ATTI

MOMENTO DELLO SPIRITO
LA GIOIA DEL LIMITE
Il limite non è fallimento

p. Silvio Turazzi

Prendete il mio intervento come momento di amicizia. Partecipo volentieri al Convegno. Sono grato al CEM per il lavoro che da molti anni sta svolgendo nell'ambito dell'educazione e della formazione. Mi unisco a voi come missionario e come compagno di strada. Ci sentiamo molto uniti nel rispetto della storia e dell'identità di ciascuno. Do quello che ho e condivido ciò che ho vissuto, qualcosa della mia vita, come ognuno di noi potrebbe fare questa sera. Penso sia una cosa bella raccontarsi la propria vita.

Sono figlio di una famiglia di contadini del ferrarese, dico questo perché mi piace molto vedere come ognuno di noi fa parte di questa grande famiglia umana - sei miliardi di persone - e ognuno di noi non è che un puntino che accoglie dentro di sé il mistero della vita; ma è anche una cosa grande, non perché un uomo è grande ma perché è "uomo". La grandezza è legata all'uomo come tale. Ricordo mio padre, mia madre e i due ettari di terra& E ricordo come una volta da bambino io e mio fratello ci eravamo messi in cammino per andare a prendere il sole&, metterlo in un sacco e portarlo a casa; era così bello il sole d'autunno! Esso cadeva sempre là, oltre la siepe.
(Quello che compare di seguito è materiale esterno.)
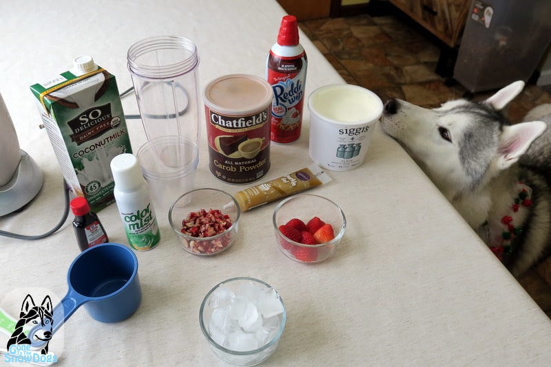 There is no exact measurement for this recipe, but I will give you a rough guess of what I did. The amount I used made 3 of them, one for each of my dogs. I am using my NutriBullet to make these DIY Christmas Tree Frappuccino. Mix together the Yogurt, Coconut Milk, Ice, Peppermint Extract and Carob Powder. Blend until nice and thick. If it’s to thin, add more ice, and if it’s to thick, add more ice.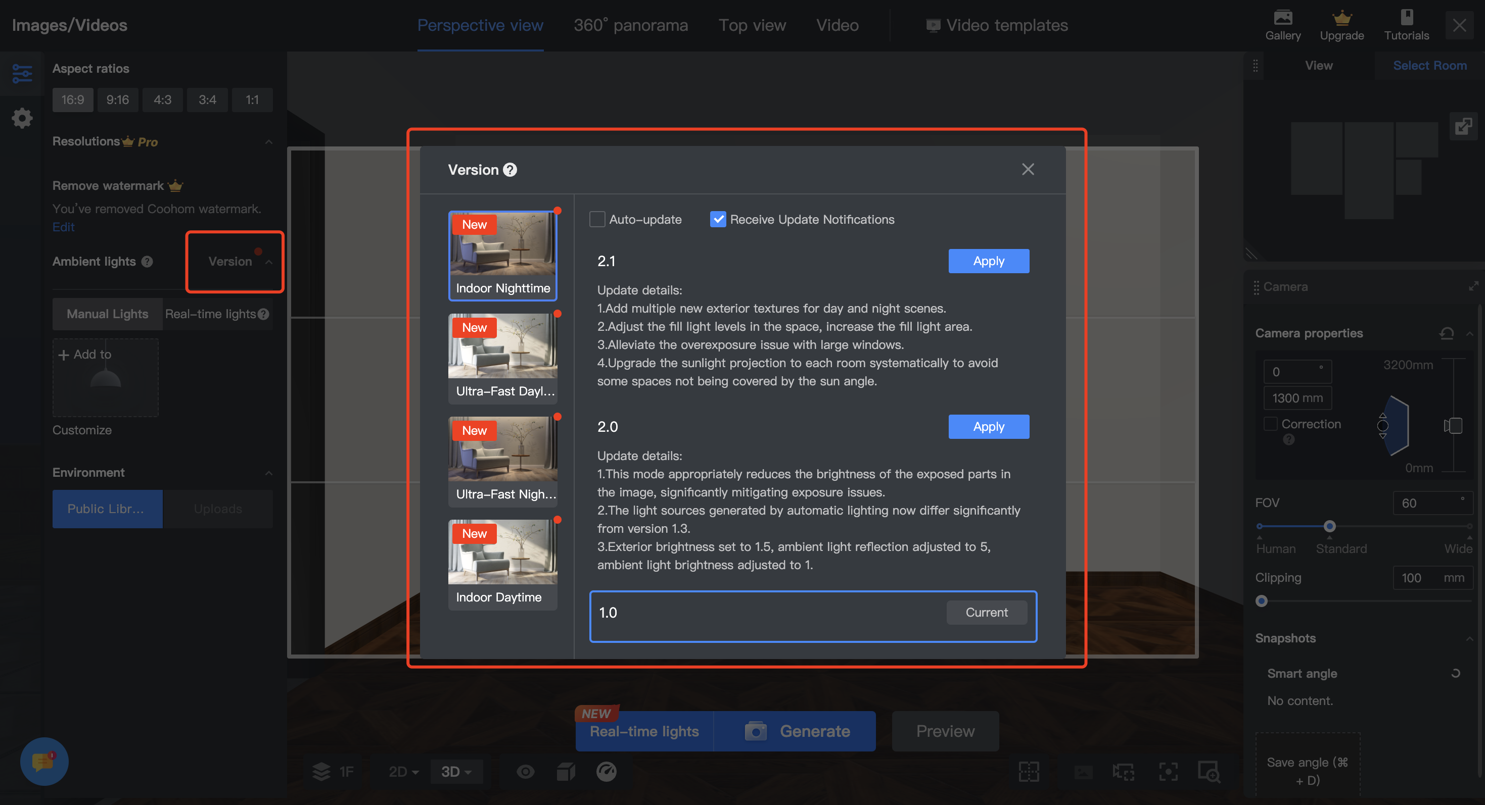 Upgrading the lighting version can enhance the rendering quality and the specific optimization effects can be referenced in the update details for each lighting template.

Eravamo una famiglia normale, bella, che mi ha dato il gusto della vita. Poi mi piaceva Gesù, come se ne parlava, in paese e dal parroco. Mi ha affascinato questo personaggio che non vedevo, ma di cui tutti parlavano. Mi piaceva fare ciò che diceva. Sono entrato in seminario pensando di fare un po' il mestiere di Gesù. E poi mi hanno detto che ci sarebbe stato da studiare; non capivo& credevo che bastasse leggere quel "libro" della messa. In seminario c'è stato l'incontro con Cristo. Un incontro personale, lento, faticoso& man mano che diventavo adolescente e aprivo gli occhi alla vita. Mi ha aiutato molto la piccola Teresa di Lisieux: ella mi aprì la strada coi suoi suggerimenti: diventare piccoli, semplici, accettarsi come si è, con i propri limiti. In fondo lei diceva che uno più è piccolo più è adatto. Ripensando un po' alla mia vita vedo che questa piccola donna per me è stata una grande maestra. Tante volte ho dovuto prendere delle posizioni o presentarmi davanti alle autorità o, diciamo, assumere delle responsabilità nella vita sapendo che quello che conta è essere profondamente onesti. Allora le parole di Gesù, ascoltate con Teresa di Lisieux, diventavano davvero il tesoro nascosto: essere semplici, imparare ad amare, a perdonare, ad essere fratelli, a camminare insieme. Era scoprire e penetrare il "senso del mistero Il senso del mistero ci aiuta a camminare e ci invita a non vivere nella superficialità, ma ad entrare nel profondo di noi stessi, a cercare nella verità. È importante imparare a "mettersi in ginocchio" davanti alla vita, con un atteggiamento di grande rispetto, di ascolto, del mistero che ci avvolge. Si fa presto a dire: "Io credo", ma è solo il piccolo linguaggio degli uomini. Noi siamo avvolti dalla vita che non abbiamo mai posseduto prima, una vita che ci accoglie e ci è data "in gestione". La persona di Gesù rappresenta per me il volto di questo mistero che mi viene incontro e mi parla. Questo mi è sembrato molto importante anche se nell'adolescenza e nella giovinezza lo capivo vagamente. Uno vorrebbe essere subito adulto, afferrare, ma poi si accorge che non si arriva mai. Tu cresci in esperienza, proprio del tuo limite, del tuo poco e in questo senso tu piano piano sei come afferrato, come dice Gesù: "Dall'intimo di chi crede in me scaturiranno fiumi di acqua viva" non tanto perché io sia l'acqua, ma perché la sua acqua, il suo torrente può passare dentro di me, come dentro ciascuno di noi.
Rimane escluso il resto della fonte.